Today I managed my first 5k in a while. In my bid to hold back on the running and rebuild my knees, I’ve been avoiding anything to do with running. I’ve managed a few Run 60 secs/Walk 60 secs sessions to ‘test’ my grumbling joints. Not as niggle-free as I’d hope, but easy does it. This morning, though, in fine drizzle and my new Hokas  http://www.hokaoneone.com/en/catalog.html. I couldn’t resist. I decided to do a wee lap and just go with it and see what happened – and I flew!! I have to say they do just what they say on the box, these Hokas! Definitely my new ‘go-faster’ shoes (bearing in mind that most people walking backwards could overtake me – I’m that slow!!). I flew along (it’s all relative, all relative haha), chanting ‘Follow the Hoka One trail … Follow the Hoka One trail …’. I wish I was clever enough to play with photoshop and the image I have in my head of those Hokas on Dorothy’s feet … But seriously, for someone plagued, as I am, with unrelenting PF which has moved from just a ‘morning’ thing to all bloody day (!) … my new trainers are a godsend. Yes, I’m converted and will be looking to get my hands on some trail ones very soon *thinks  ‘Christmas is coming’!*

Otherwise, on the training front I’m really pleased that to the sweet sounds of Amy MacDonald I had the first run that I’ve actually enjoyed since the High Peaks 40. ‘Enjoying’ a run, for me, means that I suddenly realise I’ve been running for 10+ minutes without being aware of niggles in my knees. Yes, they started to bother me a little in the last couple of hundred metres and some might say I should’ve stopped immediately – but how the hell do you stop 200 metres from a finish line??? I still puzzle over that. I still can’t believe that man with the walking poles in front of me at the High Peaks 40 … climbed the gorge just ahead of me, reached the final checkpoint together and … with 3 km to go he pulled out.
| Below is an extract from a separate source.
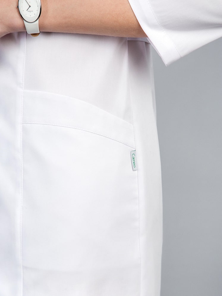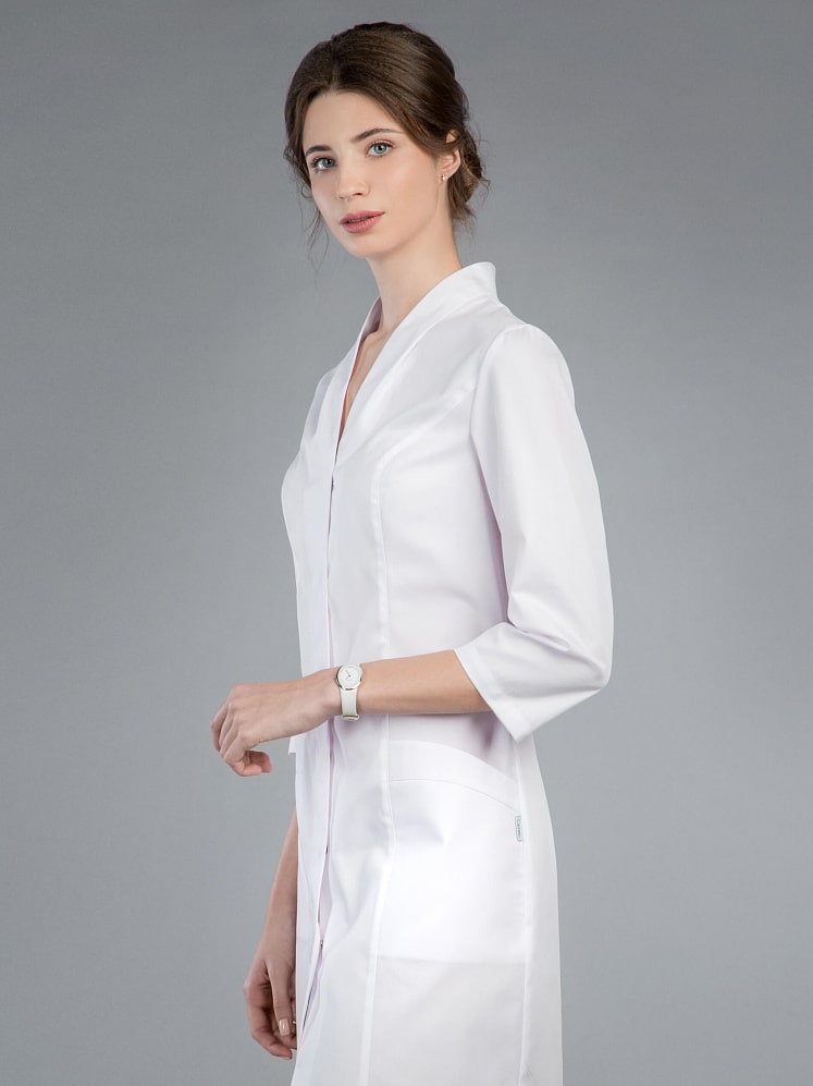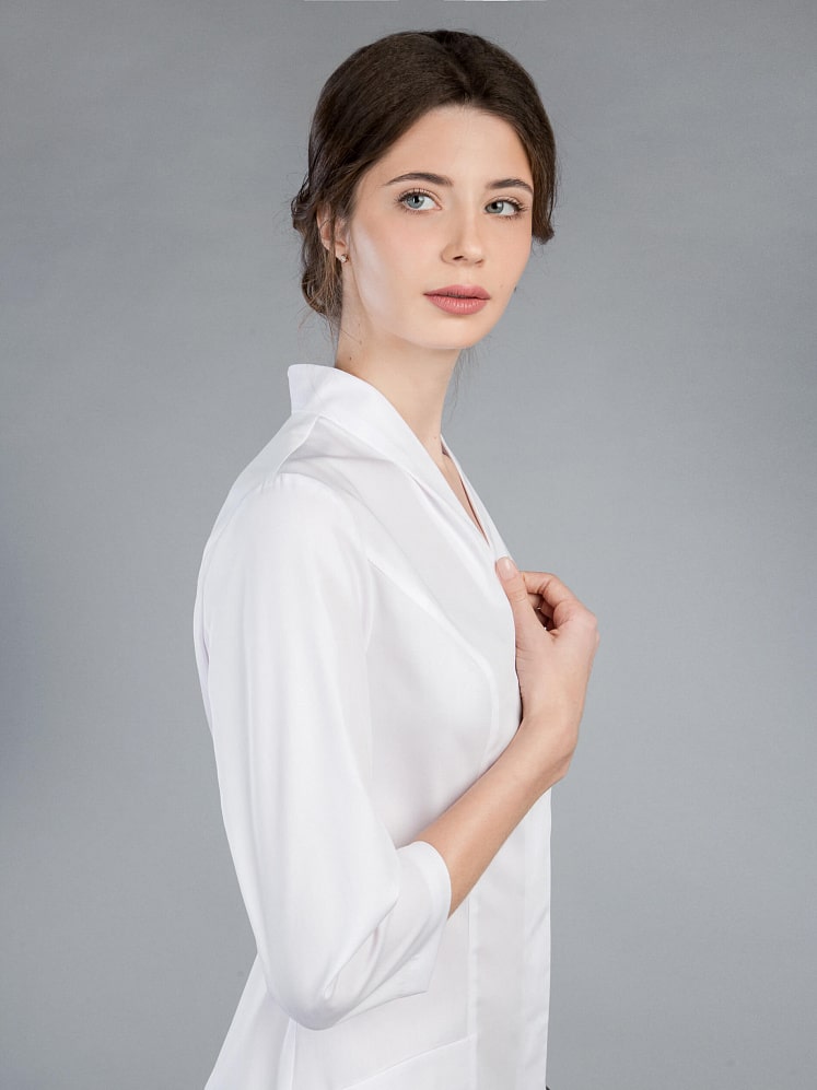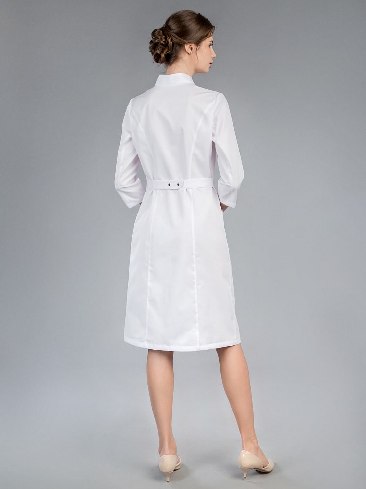 Элегантность образа создана лаконичным кроем, сдержанными четкими линиями рельефов и супатной застежки. Строгость силуэта смягчается  плавными линиями  оригинального воротника – стойки, придающего облику женственности и невероятной актуальности.

Of course, he must’ve been gutted and had all sorts of reasons – but I only have what I heard to go on. I’m sure there was plenty more, but the argument with his friends – who were urging him to get those 3km done to the finish – was that he was ‘too tired’. Yes, yes, I know – that’s probably harsh and I’ll go to hell for saying it but

Dear God, could you please grant me just one race where I can simply say close to the finish that I’m ‘too tired’ – without having to refer to ITB, PF, pulled muscles, cuts, bruises, throwing up blah blah blah blah? I’d be ever so grateful.’

Meanwhile, I shall just have to defer to my current favourite quote (not sure who said it):

I don’t stop when I’m tired. I stop when I’m done.

My new go-faster shoes 🙂  They do to feet what hot choccie does to the soul (especially when the boiler’s broken)!